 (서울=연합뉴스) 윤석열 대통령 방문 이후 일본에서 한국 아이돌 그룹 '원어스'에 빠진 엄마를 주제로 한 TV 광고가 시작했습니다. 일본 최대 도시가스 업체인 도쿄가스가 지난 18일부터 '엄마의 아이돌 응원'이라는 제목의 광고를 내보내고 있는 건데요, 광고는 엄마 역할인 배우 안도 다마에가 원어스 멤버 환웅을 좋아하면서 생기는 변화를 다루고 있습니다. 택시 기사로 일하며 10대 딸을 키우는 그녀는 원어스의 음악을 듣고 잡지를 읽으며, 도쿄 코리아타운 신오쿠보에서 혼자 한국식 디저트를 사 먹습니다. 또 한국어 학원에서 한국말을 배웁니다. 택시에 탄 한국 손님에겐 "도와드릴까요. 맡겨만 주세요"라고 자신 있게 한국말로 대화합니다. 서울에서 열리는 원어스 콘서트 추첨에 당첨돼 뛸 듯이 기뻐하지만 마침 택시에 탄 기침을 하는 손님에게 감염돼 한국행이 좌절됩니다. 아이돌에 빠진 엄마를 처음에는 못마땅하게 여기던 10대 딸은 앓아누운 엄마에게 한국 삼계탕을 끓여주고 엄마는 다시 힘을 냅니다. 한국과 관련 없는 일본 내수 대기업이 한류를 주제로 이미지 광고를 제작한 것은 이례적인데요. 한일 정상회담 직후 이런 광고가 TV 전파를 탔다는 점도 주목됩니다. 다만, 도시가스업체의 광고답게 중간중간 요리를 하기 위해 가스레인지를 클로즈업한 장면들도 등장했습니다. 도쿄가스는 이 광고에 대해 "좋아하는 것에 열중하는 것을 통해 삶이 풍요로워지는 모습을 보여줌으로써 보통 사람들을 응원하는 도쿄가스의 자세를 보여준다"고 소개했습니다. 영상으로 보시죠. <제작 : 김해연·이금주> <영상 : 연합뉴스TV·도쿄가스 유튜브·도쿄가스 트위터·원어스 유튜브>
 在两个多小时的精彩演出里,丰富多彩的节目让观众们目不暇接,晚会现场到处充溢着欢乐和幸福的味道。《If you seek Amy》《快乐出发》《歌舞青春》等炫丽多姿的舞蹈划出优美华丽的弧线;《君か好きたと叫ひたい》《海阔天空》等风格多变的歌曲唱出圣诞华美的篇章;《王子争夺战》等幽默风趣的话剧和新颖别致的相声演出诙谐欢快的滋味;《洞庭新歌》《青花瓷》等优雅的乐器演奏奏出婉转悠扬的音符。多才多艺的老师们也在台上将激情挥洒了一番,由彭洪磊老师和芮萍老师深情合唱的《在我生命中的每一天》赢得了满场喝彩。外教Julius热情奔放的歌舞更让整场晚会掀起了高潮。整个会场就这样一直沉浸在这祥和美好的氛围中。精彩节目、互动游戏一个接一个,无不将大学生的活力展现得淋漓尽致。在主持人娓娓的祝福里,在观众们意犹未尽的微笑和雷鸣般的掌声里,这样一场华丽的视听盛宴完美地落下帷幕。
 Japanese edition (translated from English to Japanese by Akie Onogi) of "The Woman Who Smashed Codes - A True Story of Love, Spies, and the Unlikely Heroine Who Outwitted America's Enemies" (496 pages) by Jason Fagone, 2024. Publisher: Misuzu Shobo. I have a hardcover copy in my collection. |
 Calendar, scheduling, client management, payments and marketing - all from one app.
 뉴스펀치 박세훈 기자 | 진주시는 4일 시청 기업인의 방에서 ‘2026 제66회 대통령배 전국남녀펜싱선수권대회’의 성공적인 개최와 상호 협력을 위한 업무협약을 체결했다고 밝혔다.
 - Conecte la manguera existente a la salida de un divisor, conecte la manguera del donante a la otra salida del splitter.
----
Each line from the start of the listing above through the line containing "在两个多小时的精彩演出里,丰富多彩的节目让观众们目不暇接,晚会现场到处充溢着欢乐和幸福的味道。《If you seek" must be reproduced exactly. Leave out the rest.

Answer to the problem:
 (서울=연합뉴스) 윤석열 대통령 방문 이후 일본에서 한국 아이돌 그룹 '원어스'에 빠진 엄마를 주제로 한 TV 광고가 시작했습니다. 일본 최대 도시가스 업체인 도쿄가스가 지난 18일부터 '엄마의 아이돌 응원'이라는 제목의 광고를 내보내고 있는 건데요, 광고는 엄마 역할인 배우 안도 다마에가 원어스 멤버 환웅을 좋아하면서 생기는 변화를 다루고 있습니다. 택시 기사로 일하며 10대 딸을 키우는 그녀는 원어스의 음악을 듣고 잡지를 읽으며, 도쿄 코리아타운 신오쿠보에서 혼자 한국식 디저트를 사 먹습니다. 또 한국어 학원에서 한국말을 배웁니다. 택시에 탄 한국 손님에겐 "도와드릴까요. 맡겨만 주세요"라고 자신 있게 한국말로 대화합니다. 서울에서 열리는 원어스 콘서트 추첨에 당첨돼 뛸 듯이 기뻐하지만 마침 택시에 탄 기침을 하는 손님에게 감염돼 한국행이 좌절됩니다. 아이돌에 빠진 엄마를 처음에는 못마땅하게 여기던 10대 딸은 앓아누운 엄마에게 한국 삼계탕을 끓여주고 엄마는 다시 힘을 냅니다. 한국과 관련 없는 일본 내수 대기업이 한류를 주제로 이미지 광고를 제작한 것은 이례적인데요. 한일 정상회담 직후 이런 광고가 TV 전파를 탔다는 점도 주목됩니다. 다만, 도시가스업체의 광고답게 중간중간 요리를 하기 위해 가스레인지를 클로즈업한 장면들도 등장했습니다. 도쿄가스는 이 광고에 대해 "좋아하는 것에 열중하는 것을 통해 삶이 풍요로워지는 모습을 보여줌으로써 보통 사람들을 응원하는 도쿄가스의 자세를 보여준다"고 소개했습니다. 영상으로 보시죠. <제작 : 김해연·이금주> <영상 : 연합뉴스TV·도쿄가스 유튜브·도쿄가스 트위터·원어스 유튜브>
 在两个多小时的精彩演出里,丰富多彩的节目让观众们目不暇接,晚会现场到处充溢着欢乐和幸福的味道。《If you seek Amy》《快乐出发》《歌舞青春》等炫丽多姿的舞蹈划出优美华丽的弧线;《君か好きたと叫ひたい》《海阔天空》等风格多变的歌曲唱出圣诞华美的篇章;《王子争夺战》等幽默风趣的话剧和新颖别致的相声演出诙谐欢快的滋味;《洞庭新歌》《青花瓷》等优雅的乐器演奏奏出婉转悠扬的音符。多才多艺的老师们也在台上将激情挥洒了一番,由彭洪磊老师和芮萍老师深情合唱的《在我生命中的每一天》赢得了满场喝彩。外教Julius热情奔放的歌舞更让整场晚会掀起了高潮。整个会场就这样一直沉浸在这祥和美好的氛围中。精彩节目、互动游戏一个接一个,无不将大学生的活力展现得淋漓尽致。在主持人娓娓的祝福里,在观众们意犹未尽的微笑和雷鸣般的掌声里,这样一场华丽的视听盛宴完美地落下帷幕。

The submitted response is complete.